1 Building Cycles and Innovation: An Introduction

The contemporary Italian construction market has just entered the 7th cycle (CRESME 2020) and, like every moment of “rebound” after a decline, is characterized by a positive growth, also driven by the incentives of the PNRR. This beginning is also marked by proposals and research for the innovation of the construction sector which is, especially in Italy, radically and historically backward compared to industry and manufacturing. However, in all the turns of the cycle, the conditions so that research and constructive experimentation could effectively disseminate have never been realized in a sufficient scale to make a qualitative leap and really affect the widespread market. For this to happen, in fact, it is necessary that three conditions overlap simultaneously (Lehmann and Fitzgerald 2013; Losasso 2010; Lu et al. 2018; Russo Ermolli 2007). The first condition is technical innovations able of improving the quality and sustainability (not least economic) of constructions. The second is the political will to drive and support adequate building innovation. The third is the thrust of the market that must accept innovation and political/social demands.

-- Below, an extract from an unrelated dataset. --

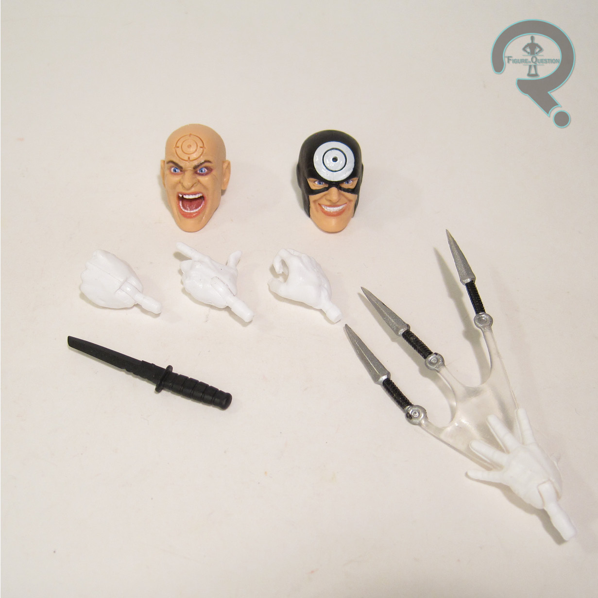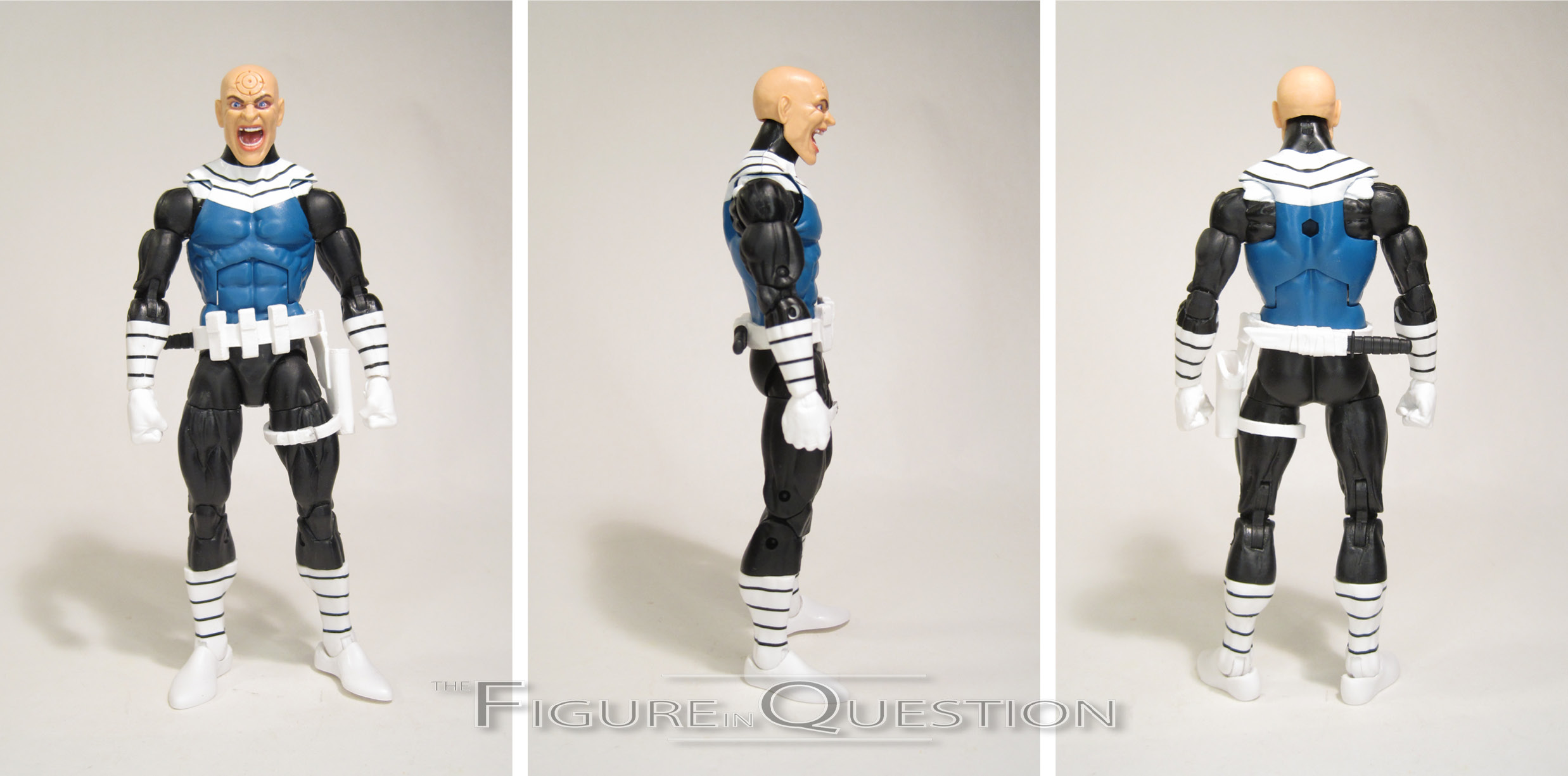 Bullseye has a tendency to go some distance between Legends releases; his last one was in 2017, which isn’t the same distance as the 12 year gap before that, but it’s still notable. Unlike the other two in this set, Bullseye’s not really designed to be drastically different from what came before. In fact, sculpturally, he’s exactly the same as the last one, meaning he’s still about 6 inches tall and he has 34 points of articulation. The sculpt wasn’t bad the first time around, apart from the head seeming maybe a touch too large, and it’s generally held up okay. The paint work was one of the weaker aspects of the last figure, so this one aims to change that up a bit. They actually adapted a slightly different design this time around, going for his look from his 2017 solo series. The only real change-up from the classic design is the blue torso section. It’s different, but I don’t hate it. The actual application is *a lot* cleaner this time, and it does head sculpt a lot of favors. Bullseye is packed with four hands (right gripping, and left fist, finger gun, and knife throwing), an alternate unmasked head, and a knife. They have notably removed the pistol from the prior release, which wouldn’t be a big deal if it weren’t for the empty holster that is attached to his belt. Like…what are you supposed to do with that? The stock photos stick the knife in there, but that just moves the problem, since then he’s got the empty sheath on the back of the belt.

2 Innovation for Today Housing

The construction sector is in strong evolution, and new trends are emerging in the housing market, in terms of performance, living space forms of use, costs and turnover that involve a rethinking in construction practice. New increasing segments of the population are highlighted (Graph 27.1) (CDP Cassa Depositi e prestiti 2018): young people, not numerous but with a high dynamism, and the elderly, in great increasing number. Especially for these categories, the management of the house is crucial, privileging the idea of “house as a service”, with a dynamic similar to hotels management. To satisfy these demands,Footnote 1 the market requires more fluid conditions (Bergan et al. 2020). This need can be satisfied by the innovation of construction systems but also by new management models and by procedures that support their intrinsically value.

Graph 27.1
A bar graph evaluates population % in 2021 and 2050. 1. Aging + 65, 23, 35. 2. Single-person family, 15, 18. Data are estimated. A pie chart. Households comprise 32% single, 18% couples without children, 31% couples with children, and 19% others.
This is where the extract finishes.